When my friends learned about it they all had the same question for me, ‘were you close to your uncle?’ I believe they asked me this because at times people aren’t attached to their aunt’s husband as they are to their aunt and I was not offended by it and replied that, after my aunt’s demise, it was his presence that reminded me of her and consoled that someone is there to represent her even when she is not physically among us. But, as I thought through, I realized that’s not the only reason why I adored my uncle, to say the least, he was a complete gentleman with a warm and kind smile always there, like a priceless jewel spread from ear to ear. Whenever anyone asked him how he was he had the same words like a beaded tasbeeh to his tongue, ‘Shukar hai Parwardigaar ka’. Never have I ever heard him being ungrateful or speaking of his troubles and I was always left with the thought that how could a person’s life be so calm and composed at all times. Never have I ever heard him being loud, or being irritated by someone, his nature becoming so difficult for me to understand that why does he never get angry on us being unruly, like other elders do?

While leaving the premises of the Masjid after giving condolences, an aunty asked me about who passed away and I said Saifuddin Cyclewala, but she couldn’t recall so I said, ‘do you know Mexico dry cleaners?’ And she immediately realized who I spoke of, and this isn’t the first time I’ve experienced explaining my Phuppa to anyone, most people know him by that in Sadar because he was so dedicated to his work, but to what degree, that I learnt it on the day of his demise. My cousin told me that he took the expensive and sensitive clothes that came for dry cleaning to home and would wash by himself in this harsh and cold weather, and I was awestruck, a man in his 80s, facing so many issues with illness could be so thoughtful for his customers.

But that was my Phuppa, who through his optimistic approach was liked by so many people that the Masjid was full when I arrived to recite the last verses for him, it is often said that a person is known by how many people appear for his funeral, and I knew that was right, for a cold morning like this, at 9 am, one could only come out for a loved one.

When Phuppi passed away he was sitting silently, and in a low but strong voice he said, ‘Zulekha (my aunt) looked like a bride, like how I married her, in the white kafan’. As much as I am broken by his death, I’m comforted that Phuppi will be reunited with him in Jannah and I only pray for both of them to receive the highest ranks in Heaven.

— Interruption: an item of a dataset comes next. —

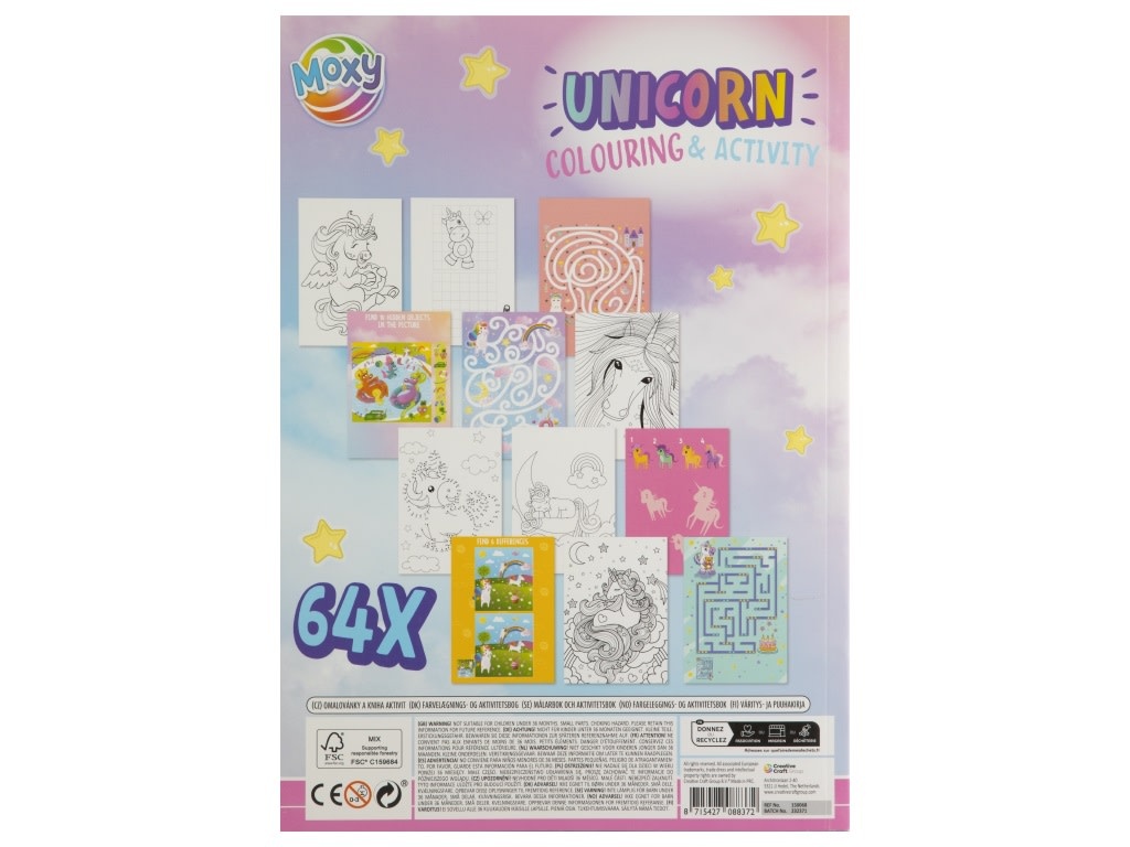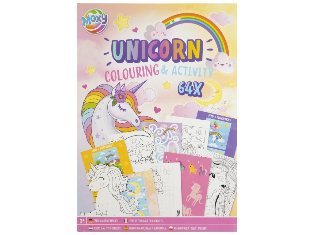 Het Kleur- en Activiteitenboek Unicorn neemt kinderen mee op een betoverende reis door 64 pagina's vol plezier en avontuur.
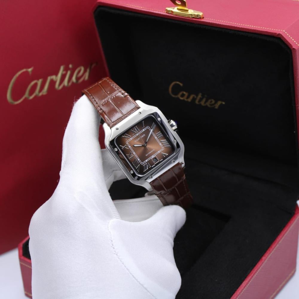 لمسة من الأناقة الكلاسيكية – ساعة سانتوس دو كارتييه الرجالية بإطار مربع ومينا بني

While I get flashbacks of the times I’ve met him, I can mostly think of me passing by his store and doing my greetings and he smiling and saying, ‘beta ghar pe upar ao na’, and I refusing to do so like every time saying, ‘phir kabhi aungi’ and leave his shop. What did I know there would be no phir kabhi and I’ll find his shop empty the next time I arrive.

Your ungrateful yet loving bhatiji,

Ruqaiya Lokhand.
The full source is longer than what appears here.